The factorial of a number is the product of all positive integers up to that number. Therefore, 5! = 5 * 4 * 3 * 2 * 1 = 120.

To calculate the number of permutations, we use the formula n!, where n is the number of items. In this case, n = 5. Therefore, the number of permutations of the letters in the word 'APPLE' is 5! = 120.

The formula for calculating the number of permutations of n items taken r at a time is nPr = n! / (n - r)!, where n is the total number of items and r is the number of items taken at a time.

To calculate the number of ways to choose 3 people from a group of 10, we use the formula nCr = n! / (n - r)!, where n is the total number of items and r is the number of items to be chosen.
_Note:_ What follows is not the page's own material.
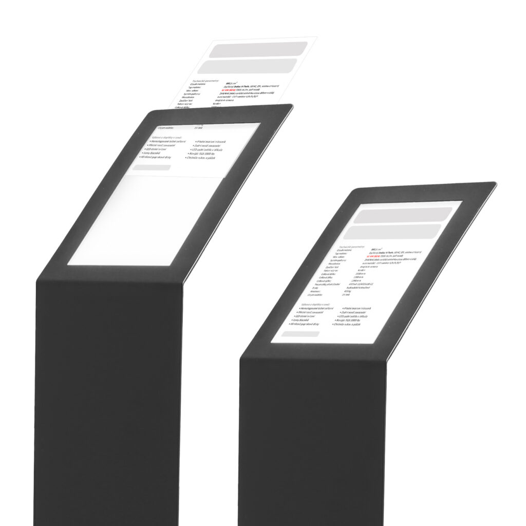 Prezentační stojan s plastovou kapsou na leták formátu A4. Konstrukce z ohýbané práškově lakované oceli. Plastové plastické 3D logo

In this case, n = 10 and r = 3. Therefore, the number of ways to choose 3 people from a group of 10 is 10C3 = 10! / (10 - 3)! = 120.

The main difference between a permutation and a combination is that permutations consider the order of the items, while combinations do not. For example, the permutations of the letters A, B, and C are ABC, ACB, BAC, BCA, CAB, and CBA, while the combinations of the letters A, B, and C are AB, AC, BC, and ABC.

To calculate the number of ways to choose a president, vice president, and secretary from a group of 12 members, we use the formula nPr = n! / (n - r)!, where n is the total number of items and r is the number of items to be chosen. In this case, n = 12 and r = 3. Therefore, the number of ways to choose a president, vice president, and secretary from a group of 12 members is 12P3 = 12! / (12 - 3)! = 1320.

To calculate the number of 4-digit numbers that can be formed using the digits 1, 2, 3, 4, and 5 without repetition, we use the formula nPr = n! / (n - r)!, where n is the total number of items and r is the number of items to be chosen. In this case, n = 5 and r = 4. Therefore, the number of 4-digit numbers that can be formed using the digits 1, 2, 3, 4, and 5 without repetition is 5P4 = 5! / (5 - 4)! = 3600.

To calculate the probability of getting a sum of 7 when two fair dice are rolled, we need to determine the number of ways to get a sum of 7 and the total number of possible outcomes. There are 6 ways to get a sum of 7: (1, 6), (2, 5), (3, 4), (4, 3), (5, 2), and (6, 1). The total number of possible outcomes is 36, since each die has 6 sides. Therefore, the probability of getting a sum of 7 when two fair dice are rolled is 6/36 = 1/6.

To calculate the number of ways to choose 5 balls from a bag containing 10 red balls, 15 blue balls, and 20 green balls if the balls are indistinguishable, we use the formula nCr = n! / (n - r)!, where n is the total number of items and r is the number of items to be chosen. In this case, n = 45 and r = 5. Therefore, the number of ways to choose 5 balls from the bag is 45C5 = 45! / (45 - 5)! = 2502.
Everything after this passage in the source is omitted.